Can There Be a Limited Armament, Negotiable Solution with North Korea?

Can There Be a Limited Armament, Negotiable Solution with North Korea?

 
We seem to think only of an all or nothing solution to the atomic bomb and missile development with North Korea. The other type of option is limits on both types of developments, and offering North Korea a lot of incentives to economic development and military security.

 
The basis has to be that North Korea has two divisions, made clear in their parade and formal gatherings, are the blue suits and the tan military uniforms. As in China, we expect that both ranks of suits and uniforms are tied to private economic wealth. Neither of these wealth divisions want to see a destructive war, nuclear or conventional. In Kim Jong Un’s appearances he is either in front of a whole auditorium or one color uniform or the other, or both in different seating segments. Dictators or Kings are fine to be seen by themselves, but Kim Jong Un, always appears as the leader who is leading these two segments, and they are uniformly applauding him. He might not really rule without their backing.

 
Clearly, North Korea would get the best deal if they halted weapons development at this stage, and didn’t develop an ICBM that can reach the continental US. It’s hard for the public, or maybe even the US, to know exactly what stage the nuclear development is at. Of course, as each test occurs, we learn more about that as North Korea also does. The news says they are improving the blast strength by including tritium In the weapon’s cores, where tritium fusion sends out much higher energy neutrons, which fission Plutonium much more rapidly, and can increase the output of a weapon a hundred times. It also allows the weapons to be much smaller and fit onto ICBMs. Negotiations must stop developments before these warheads and before H bombs are created and tested.
It could be that the reason Trump and China are so concerned about the next test is because it will be of a smaller, missile sized weapon. This is why the testing site is buried far deeper inside the test mountain. That could be why the Chinese warned North Korea to make sure that there is no radiation leak into nearby Chinese territory.

 
While a US range ICBM is being developed, stopping its development, as well as the solid stage submarine born missile, and maybe ending the European range missiles would be valued end points.

 
In return, there could be no restrictions on imports at all, especially essentials such as oil and coal.
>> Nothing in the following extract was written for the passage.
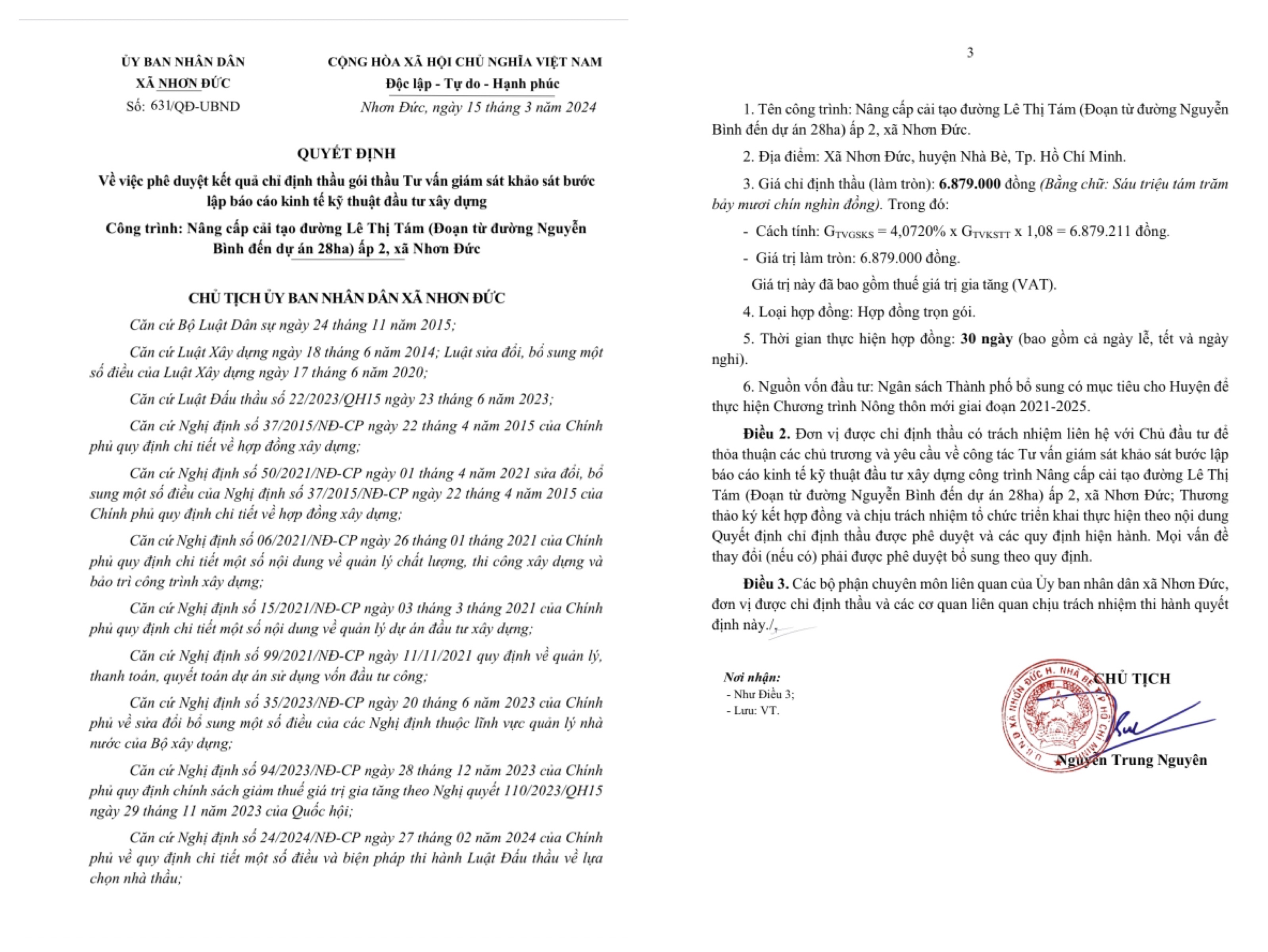 Đơn cử như ngày 15/3, tại kế hoạch lựa chọn nhà thầu, giai đoạn chuẩn bị đầu tư công trình: Nâng cấp cải tạo đường Lê Thị Tám (đoạn từ đường Nguyễn Bình đến Dự án 28 ha), Ấp 2, xã Nhơn Đức, gói thầu tư vấn giám sát khảo sát bước lập báo cáo kinh tế kỹ thuật, Tân Đại Tín được UBND xã Nhơn Đức chỉ định thầu với giá 6.879.000 đồng, thực hiện trong 30 ngày.

North Korea used to have an exchange program across the demilitarized zone, where North Koreans would work at factories established by South Korean firms. Investments by US, European, Japanese and Chinese companies that benefit from the nuclear development halt could be guaranteed.

 
Let’s compare North and South Korea to show North Koreans what could be possible as a developed country. North Korea has 25 million population. Their GDP (PPP) is only $40 billion, which works out to $1,800 per capita. South Korea has a population of 51 million. It’s GDP (PPP) is $1.9 trillion, which works out to $38,000 per capita. So with twice the population, South Korea has 48 times the GDP. That should represent an unstoppable attraction for the ambitious people and families who have risen to the top of North Korea’s Business, Social, Military and Weapons establishments. Despite the rigid structure and murderous determination of Kim Jong Un’s dictatorship, the economic forces have to have a breakthrough at some point. Of course, if you or your father is seen as a god, it apparently counts for a lot. The wealth and productivity of North Korea’s neighbors have grown tremendously in the last decade, and has to be increasingly tempting since North Korea negotiated their last nuclear halt in 2004, but broke by cheating in 2012.

About Dennis SILVERMAN

I am a retired Professor of Physics and Astronomy at U C Irvine. For a decade I have been active in learning about energy and the environment, and in lecturing and attending classes at the Osher Lifelong Learning Institute (OLLI) at UC Irvine.